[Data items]
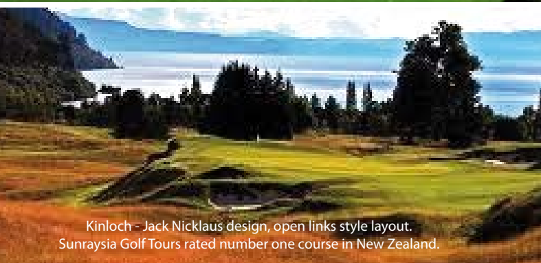
Kinloch - Jack Nicklaus design, open links style layout. Sunraysia Golf Tours rated number one course in New Zealand.
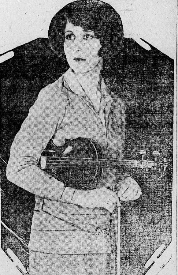
A girl stood staring at him, her violin cradled in her arm.

It was odd, Clay Curtis thought, as he walked briskly through the bitter cold of the early January night, that he should be thinking about dollars and cents instead of about his father, and his father's heartache and loneliness, and his own future. Twenty-one dollars and thirteen cents! Why, that wouldn't keep him a day at a hotel, the kind of hotel he'd been used to. Was that why his father had grinned when he looked at the money? Thought he'd be sneaking home again in twenty-four hours, broke and willing to be a good boy and mind his Dad. Funny how that cold-hearted little gold-digger's words kept coming back to him. And how he'd loved her! Her good and pink and white beauty! Her perfect body, displayed like a white statue to all who had five dollars and a half to pay for a ticket to the nudist revue in New York. She'd never been real, he knew now, until that last half hour, when she'd mocked him, laughed at him, and kicked him out for a bald-headed butter-and-egg man. Well, he couldn't walk the streets all night. He hardly
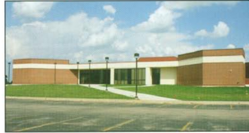
OCCC Health Professions Center

OCCC celebrated the dedication of the Health Professions Center in October. The $7 million construction added 42,879 square feet to the existing complex and includes 14 classrooms and labs, student clinical practice space, a Human Patient Simulator lab, and an Ambulance Simulator where EMS students can practice emergency medicine in the confines of an actual ambulance lab parked inside the building.
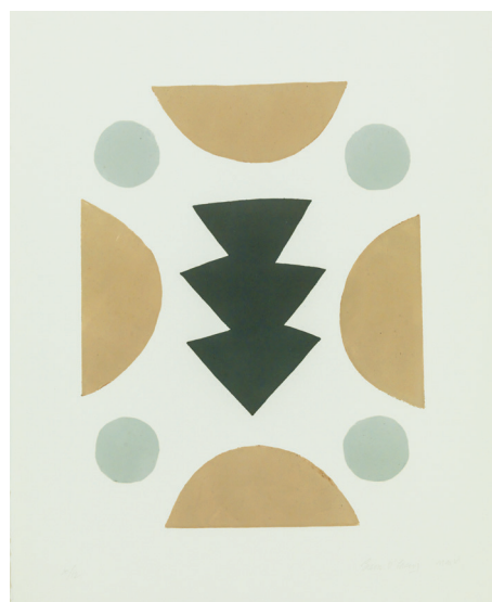
BREON O'CASEY Angular Form 2001, Linocut, Edition of 12
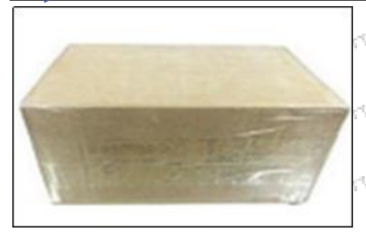
Pic No. 1 Domestic express packaging: Wrapped by Transparent tape
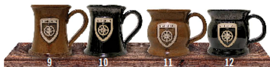
9 Fresh Awakening – 14 oz.
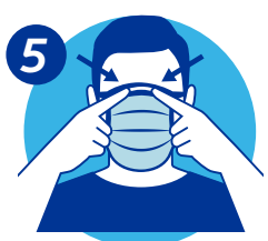
Press the metal strip to fit the shape of the nose
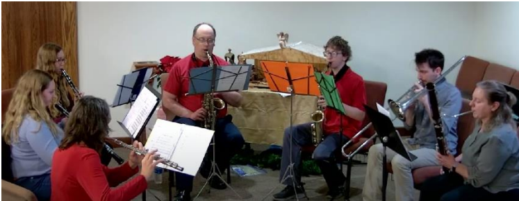
Instrumentalists enhance the Christmas Day service.
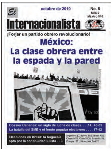
El Internacionalista, organ of the League for the Fourth International
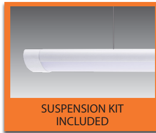
SUSPENSION KIT INCLUDED
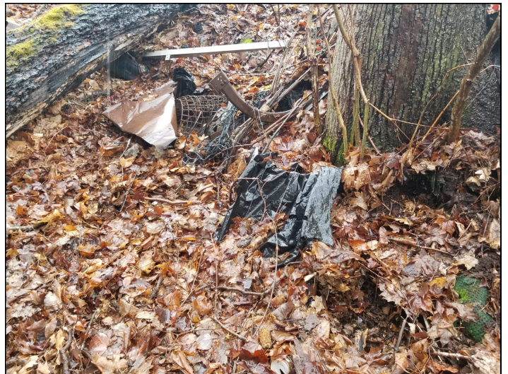
Cleanup on the Sellecks Karst Preserve.
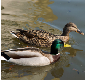
Protect our creeks Prevent chemical run-off

Grow a beautiful resilient lawn that is sustainable and drought tolerant
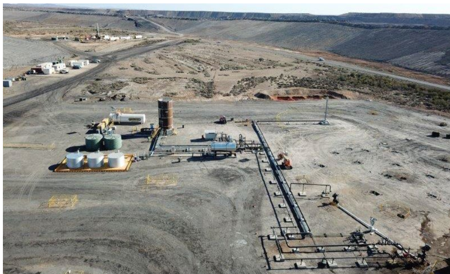
LCEP Syngas Facility

The PCD is providing information for the development of the commercial project and is demonstrating that LCK can operate the ISG gasifier safely and in an environmentally responsible manner. On 17 December 2018 LCK reported that “The first environmental results confirm the PCD is operating as expected, in line with scientific modelling. This evidence supports the Regulator and LCK’s claim the process can be done in a safe, regulated and controlled manner and that the Leigh Creek site is ideally suited to the ISG process.”
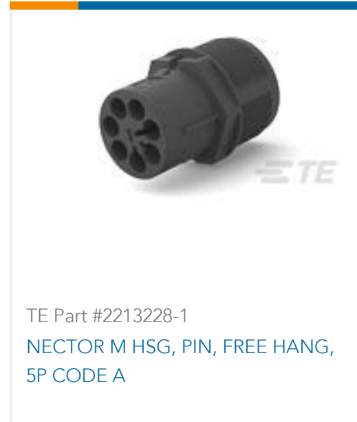
TE Part #2213228-1 NECTOR M HSG, PIN, FREE HANG, 5P CODE A
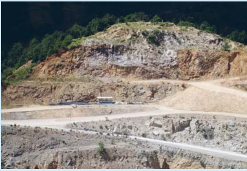
◀ Marlin Mine site, South-western highlands of Guatemala. The Marlin mine has attracted significant international attention, yet Goldcorp continues to operate. Organisations such as MiningWatch Canada, Oxfam America, Rights Action and the Halifax Initiative Coalition have all drawn attention to the Marlin Mine.
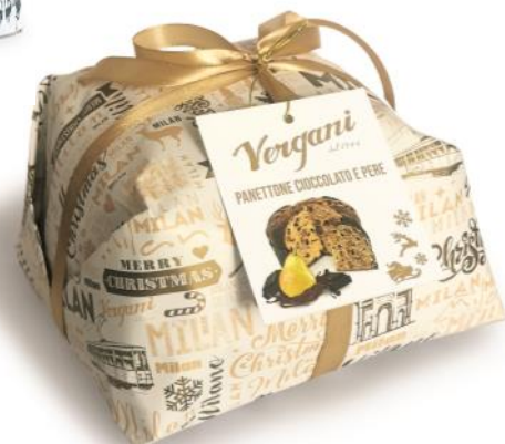
Merry Christmas range - Chocolate & Pear Panettone with chocolate drops, and candied pear 750g x 6 VER8874
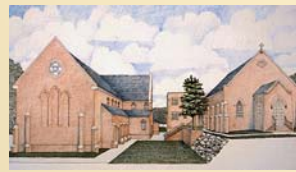
DESIGN DEVELOPMENT DRAWING

LITURGICAL DESIGN CONSULTATION MASTER PLANNING
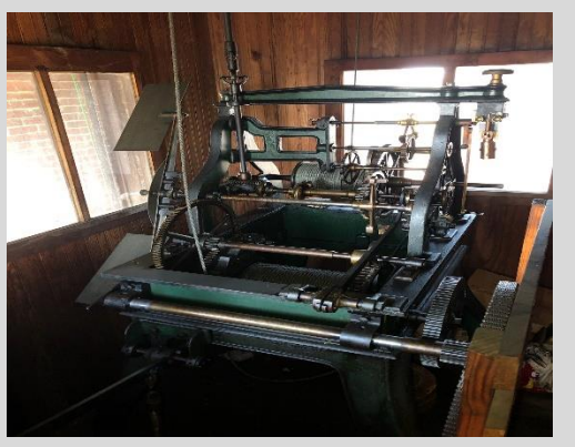
Clock Tower Walkthrough
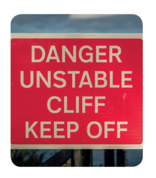
Look for warning signs, follow advice and do not take risks.

The coastline can be a dangerous place. It is important to stay safe and know what to do in an emergency.
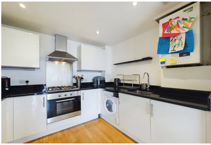
TRIANGLE ROAD, LONDON, E8 £425,000 LEASEHOLD
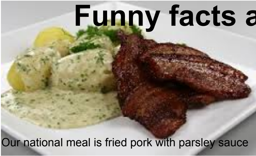
Our national meal is fried pork with parsley sauce
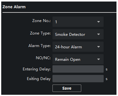
Figure 3-11 Zone Alarm

1. Click Zone Alarm to enter the zone settings page.

Task » Do not copy pictures. Restate exactly the lines from the one containing "TE Part #2213228-1" through the last line of the records.

Solution below »
TE Part #2213228-1 NECTOR M HSG, PIN, FREE HANG, 5P CODE A
◀ Marlin Mine site, South-western highlands of Guatemala. The Marlin mine has attracted significant international attention, yet Goldcorp continues to operate. Organisations such as MiningWatch Canada, Oxfam America, Rights Action and the Halifax Initiative Coalition have all drawn attention to the Marlin Mine.
Merry Christmas range - Chocolate & Pear Panettone with chocolate drops, and candied pear 750g x 6 VER8874
DESIGN DEVELOPMENT DRAWING

LITURGICAL DESIGN CONSULTATION MASTER PLANNING
Clock Tower Walkthrough
Look for warning signs, follow advice and do not take risks.

The coastline can be a dangerous place. It is important to stay safe and know what to do in an emergency.
TRIANGLE ROAD, LONDON, E8 £425,000 LEASEHOLD
Our national meal is fried pork with parsley sauce
Figure 3-11 Zone Alarm

1. Click Zone Alarm to enter the zone settings page.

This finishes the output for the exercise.